BEGIN Provided data
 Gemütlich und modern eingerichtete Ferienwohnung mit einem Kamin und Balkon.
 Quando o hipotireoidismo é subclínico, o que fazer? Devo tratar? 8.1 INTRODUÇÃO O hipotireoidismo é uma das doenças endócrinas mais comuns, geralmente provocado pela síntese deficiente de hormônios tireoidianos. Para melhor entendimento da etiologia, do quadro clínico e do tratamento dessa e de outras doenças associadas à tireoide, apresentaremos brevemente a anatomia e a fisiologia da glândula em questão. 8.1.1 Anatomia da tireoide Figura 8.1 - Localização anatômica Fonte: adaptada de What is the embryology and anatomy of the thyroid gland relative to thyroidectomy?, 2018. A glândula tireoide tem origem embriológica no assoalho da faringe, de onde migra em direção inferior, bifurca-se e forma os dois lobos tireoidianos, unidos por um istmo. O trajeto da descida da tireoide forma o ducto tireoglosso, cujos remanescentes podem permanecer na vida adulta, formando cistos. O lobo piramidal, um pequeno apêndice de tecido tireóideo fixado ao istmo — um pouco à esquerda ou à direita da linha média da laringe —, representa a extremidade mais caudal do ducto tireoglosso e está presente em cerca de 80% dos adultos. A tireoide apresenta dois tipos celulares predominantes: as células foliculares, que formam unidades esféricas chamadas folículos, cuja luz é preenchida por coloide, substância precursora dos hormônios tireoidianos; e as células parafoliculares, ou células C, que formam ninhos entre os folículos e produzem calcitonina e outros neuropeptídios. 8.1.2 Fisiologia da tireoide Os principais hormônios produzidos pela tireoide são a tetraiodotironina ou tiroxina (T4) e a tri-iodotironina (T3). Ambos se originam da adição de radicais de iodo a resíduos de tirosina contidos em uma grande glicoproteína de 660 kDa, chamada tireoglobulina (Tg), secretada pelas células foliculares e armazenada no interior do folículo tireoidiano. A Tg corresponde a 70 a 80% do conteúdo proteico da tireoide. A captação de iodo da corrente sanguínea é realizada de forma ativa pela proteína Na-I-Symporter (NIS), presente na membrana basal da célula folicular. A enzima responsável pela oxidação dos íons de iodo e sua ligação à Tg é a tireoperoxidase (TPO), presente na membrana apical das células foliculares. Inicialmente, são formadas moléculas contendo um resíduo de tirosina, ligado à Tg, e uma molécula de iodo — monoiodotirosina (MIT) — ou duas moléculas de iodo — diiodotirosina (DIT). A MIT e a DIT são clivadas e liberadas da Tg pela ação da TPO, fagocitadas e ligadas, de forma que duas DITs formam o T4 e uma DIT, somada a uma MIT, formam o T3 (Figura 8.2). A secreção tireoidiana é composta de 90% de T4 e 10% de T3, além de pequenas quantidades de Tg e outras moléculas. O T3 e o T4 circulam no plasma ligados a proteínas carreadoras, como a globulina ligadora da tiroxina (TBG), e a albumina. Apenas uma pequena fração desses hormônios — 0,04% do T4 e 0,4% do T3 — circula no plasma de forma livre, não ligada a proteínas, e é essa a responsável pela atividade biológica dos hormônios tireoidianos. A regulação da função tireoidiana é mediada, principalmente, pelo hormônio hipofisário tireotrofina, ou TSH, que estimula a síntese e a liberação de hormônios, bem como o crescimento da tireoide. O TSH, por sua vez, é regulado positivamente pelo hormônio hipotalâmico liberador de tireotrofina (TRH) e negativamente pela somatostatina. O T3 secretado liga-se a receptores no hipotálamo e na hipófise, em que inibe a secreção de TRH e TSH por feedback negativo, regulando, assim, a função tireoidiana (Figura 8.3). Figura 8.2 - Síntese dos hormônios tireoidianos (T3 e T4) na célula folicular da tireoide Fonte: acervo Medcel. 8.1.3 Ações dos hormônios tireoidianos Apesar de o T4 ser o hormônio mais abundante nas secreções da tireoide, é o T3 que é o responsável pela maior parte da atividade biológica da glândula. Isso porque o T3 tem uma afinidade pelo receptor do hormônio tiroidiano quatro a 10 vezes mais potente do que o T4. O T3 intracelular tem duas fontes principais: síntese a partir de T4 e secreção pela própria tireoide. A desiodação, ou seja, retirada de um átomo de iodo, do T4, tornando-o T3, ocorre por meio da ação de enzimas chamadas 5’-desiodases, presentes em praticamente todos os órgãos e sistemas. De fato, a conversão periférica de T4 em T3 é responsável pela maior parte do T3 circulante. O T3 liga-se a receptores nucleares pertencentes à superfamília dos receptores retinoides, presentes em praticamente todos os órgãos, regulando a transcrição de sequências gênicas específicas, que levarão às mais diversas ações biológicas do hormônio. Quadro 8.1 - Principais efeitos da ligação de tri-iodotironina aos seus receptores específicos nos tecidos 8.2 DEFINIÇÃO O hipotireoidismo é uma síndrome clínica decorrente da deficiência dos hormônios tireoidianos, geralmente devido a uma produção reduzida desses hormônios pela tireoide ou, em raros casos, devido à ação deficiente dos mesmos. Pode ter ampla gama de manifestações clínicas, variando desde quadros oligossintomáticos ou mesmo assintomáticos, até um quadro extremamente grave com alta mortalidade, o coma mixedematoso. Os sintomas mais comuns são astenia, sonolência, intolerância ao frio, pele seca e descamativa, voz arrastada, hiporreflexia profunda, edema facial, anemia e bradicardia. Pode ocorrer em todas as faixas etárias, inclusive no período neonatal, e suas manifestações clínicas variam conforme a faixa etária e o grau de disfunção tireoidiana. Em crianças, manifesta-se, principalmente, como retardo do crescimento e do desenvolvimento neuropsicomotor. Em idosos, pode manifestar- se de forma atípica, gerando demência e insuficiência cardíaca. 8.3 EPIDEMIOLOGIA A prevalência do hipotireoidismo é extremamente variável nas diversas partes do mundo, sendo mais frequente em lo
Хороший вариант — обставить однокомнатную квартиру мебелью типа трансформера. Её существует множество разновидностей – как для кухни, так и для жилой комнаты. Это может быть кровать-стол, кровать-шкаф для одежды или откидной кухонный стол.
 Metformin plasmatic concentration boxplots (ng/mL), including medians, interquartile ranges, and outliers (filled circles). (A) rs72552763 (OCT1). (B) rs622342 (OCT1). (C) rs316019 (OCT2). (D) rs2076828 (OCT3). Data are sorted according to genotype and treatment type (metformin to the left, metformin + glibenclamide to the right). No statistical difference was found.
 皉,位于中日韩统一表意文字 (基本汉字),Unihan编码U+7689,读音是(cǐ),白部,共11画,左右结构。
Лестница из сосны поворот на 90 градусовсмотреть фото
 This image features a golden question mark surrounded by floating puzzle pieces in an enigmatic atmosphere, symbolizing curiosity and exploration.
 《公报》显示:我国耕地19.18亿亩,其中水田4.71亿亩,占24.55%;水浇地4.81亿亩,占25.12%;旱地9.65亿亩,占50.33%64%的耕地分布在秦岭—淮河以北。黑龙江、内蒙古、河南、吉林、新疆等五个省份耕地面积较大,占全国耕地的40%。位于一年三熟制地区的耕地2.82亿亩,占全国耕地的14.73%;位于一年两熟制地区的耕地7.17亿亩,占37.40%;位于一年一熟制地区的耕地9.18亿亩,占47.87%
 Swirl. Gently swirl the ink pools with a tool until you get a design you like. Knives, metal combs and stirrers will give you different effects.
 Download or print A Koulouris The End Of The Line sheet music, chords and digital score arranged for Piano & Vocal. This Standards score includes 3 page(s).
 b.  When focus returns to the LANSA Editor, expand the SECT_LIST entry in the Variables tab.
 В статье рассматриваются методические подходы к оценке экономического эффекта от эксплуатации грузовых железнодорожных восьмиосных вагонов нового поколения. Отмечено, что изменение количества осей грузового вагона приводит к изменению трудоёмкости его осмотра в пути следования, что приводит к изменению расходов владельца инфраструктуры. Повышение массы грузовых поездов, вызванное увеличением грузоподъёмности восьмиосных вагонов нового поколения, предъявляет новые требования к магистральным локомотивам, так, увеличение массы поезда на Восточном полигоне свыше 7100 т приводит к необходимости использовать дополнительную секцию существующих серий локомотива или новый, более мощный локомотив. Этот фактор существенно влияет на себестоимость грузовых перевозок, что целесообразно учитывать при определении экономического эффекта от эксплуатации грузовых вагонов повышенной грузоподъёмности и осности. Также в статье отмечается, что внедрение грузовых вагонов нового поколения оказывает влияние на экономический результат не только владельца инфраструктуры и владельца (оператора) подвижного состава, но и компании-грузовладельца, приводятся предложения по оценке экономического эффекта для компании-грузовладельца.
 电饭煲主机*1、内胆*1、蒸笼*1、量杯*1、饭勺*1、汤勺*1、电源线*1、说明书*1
END Provided data
Bring together each line above where the string "This" turns up.

### Your response
 This image features a golden question mark surrounded by floating puzzle pieces in an enigmatic atmosphere, symbolizing curiosity and exploration.
 Download or print A Koulouris The End Of The Line sheet music, chords and digital score arranged for Piano & Vocal. This Standards score includes 3 page(s).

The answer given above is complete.